Evolution of Fracture Aperture in Quartz Sandstone under Hydrothermal Conditions: Mechanical and Chemical Effects

Fractures efficiently affect fluid flow in geological formations, and thereby determine mass and energy transport in reservoirs, which are not least exploited for economic resources. In this context, their response to mechanical and thermal changes, as well as fluid–rock interactions, is of paramount importance. In this study, a two-stage flow-through experiment was conducted on a pure quartz sandstone core of low matrix permeability, containing one single macroscopic tensile fracture. In the first short-term stage, the effects of mechanical and hydraulic aperture on pressure and temperature cycles were investigated. The purpose of the subsequent intermittent-flow long-term (140 days) stage was to constrain the evolution of the geometrical and hydraulic fracture properties resulting from pressure solution. Deionized water was used as the pore fluid, and permeability, as well as the effluent Si concentrations, were systematically measured. Overall, hydraulic aperture was shown to be significantly less affected by pressure, temperature and time, in comparison to mechanical aperture. During the long-term part of the experiment at 140 °C, the effluent Si concentrations likely reached a chemical equilibrium state within less than 8 days of stagnant flow, and exceeded the corresponding hydrostatic quartz solubility at this temperature. This implies that the pressure solution was active at the contacting fracture asperities, both at 140 °C and after cooling to 33 °C. The higher temperature yielded a higher dissolution rate and, consequently, a faster attainment of chemical equilibrium within the contact fluid. X-ray µCT observations evidenced a noticeable increase in fracture contact area ratio, which, in combination with theoretical considerations, implies a significant decrease in mechanical aperture. In contrast, the sample permeability, and thus the hydraulic fracture aperture, virtually did not vary.
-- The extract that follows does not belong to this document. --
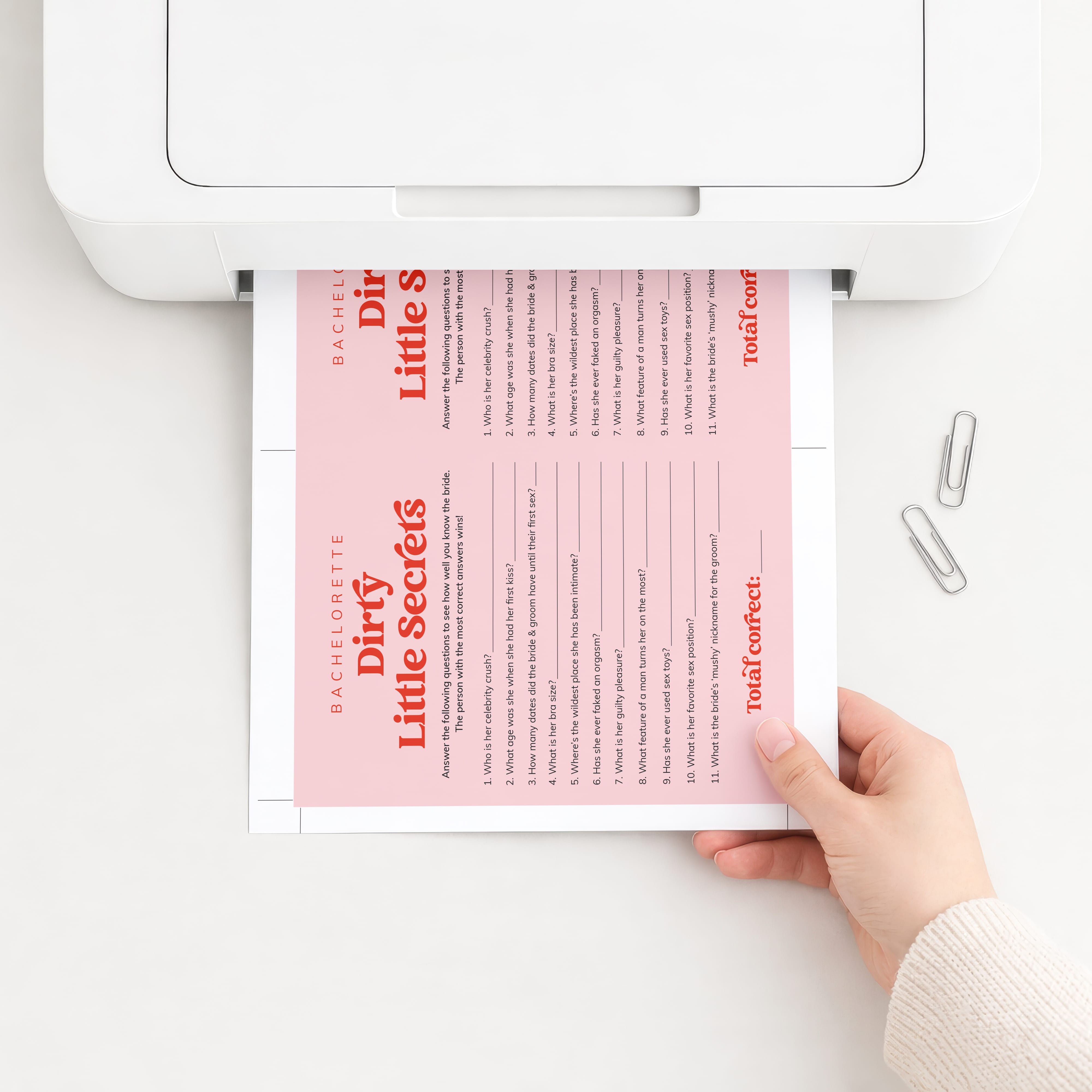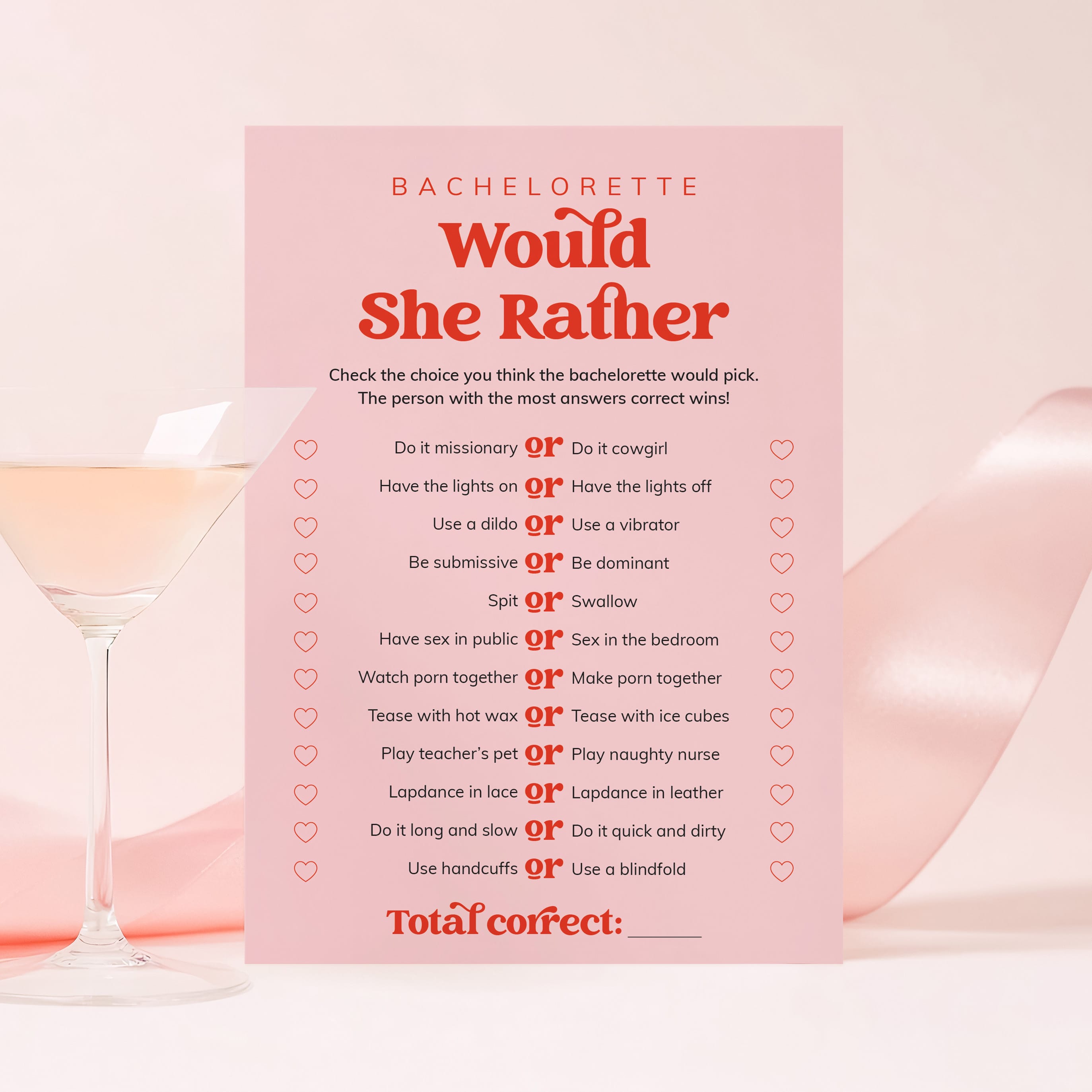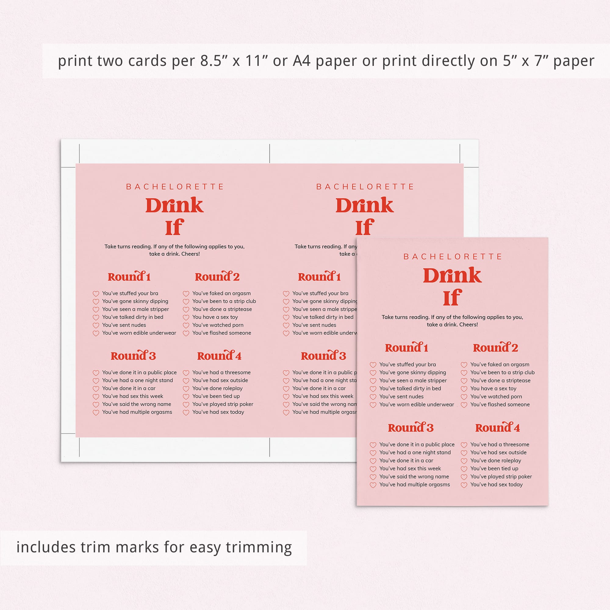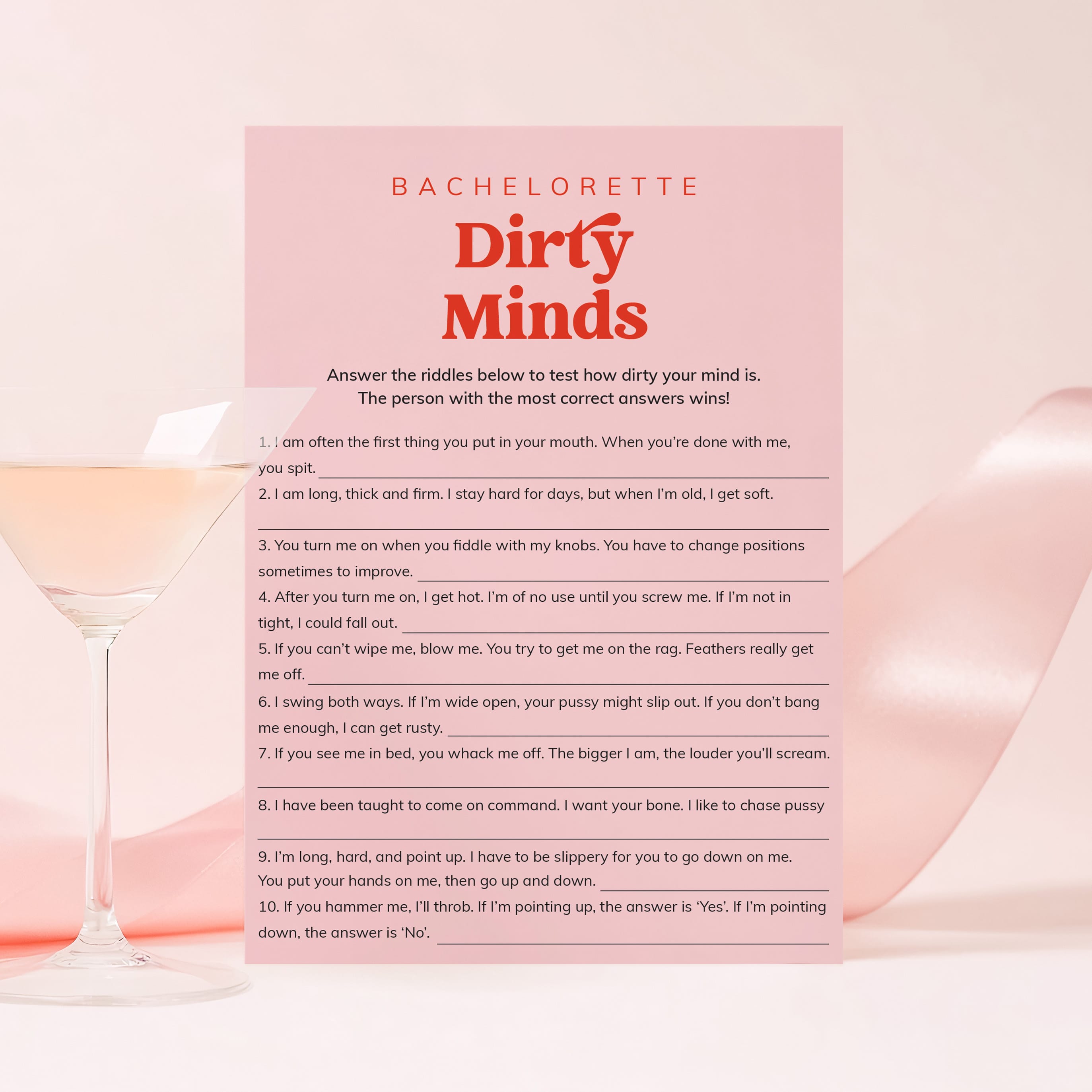 This vibrant bundle includes 12 popular and naughty games that are designed to get everyone talking, laughing and bonding. The bold red font adds a fun retro flair, making the games not only exciting to play but also beautiful to display at your bachelorette weekend or hens party.

In conclusion, pressure solution-induced fracture aperture changes are affected by the degree of time-dependent variations in pore fluid composition. In contrast to the present case of a quasi-closed system with mostly stagnant flow, in an open system with continuous once-through fluid flow, the activity of the pressure solution may be amplified due to the persistent fluid-chemical nonequilibrium state, thus possibly enhancing aperture and fracture permeability changes.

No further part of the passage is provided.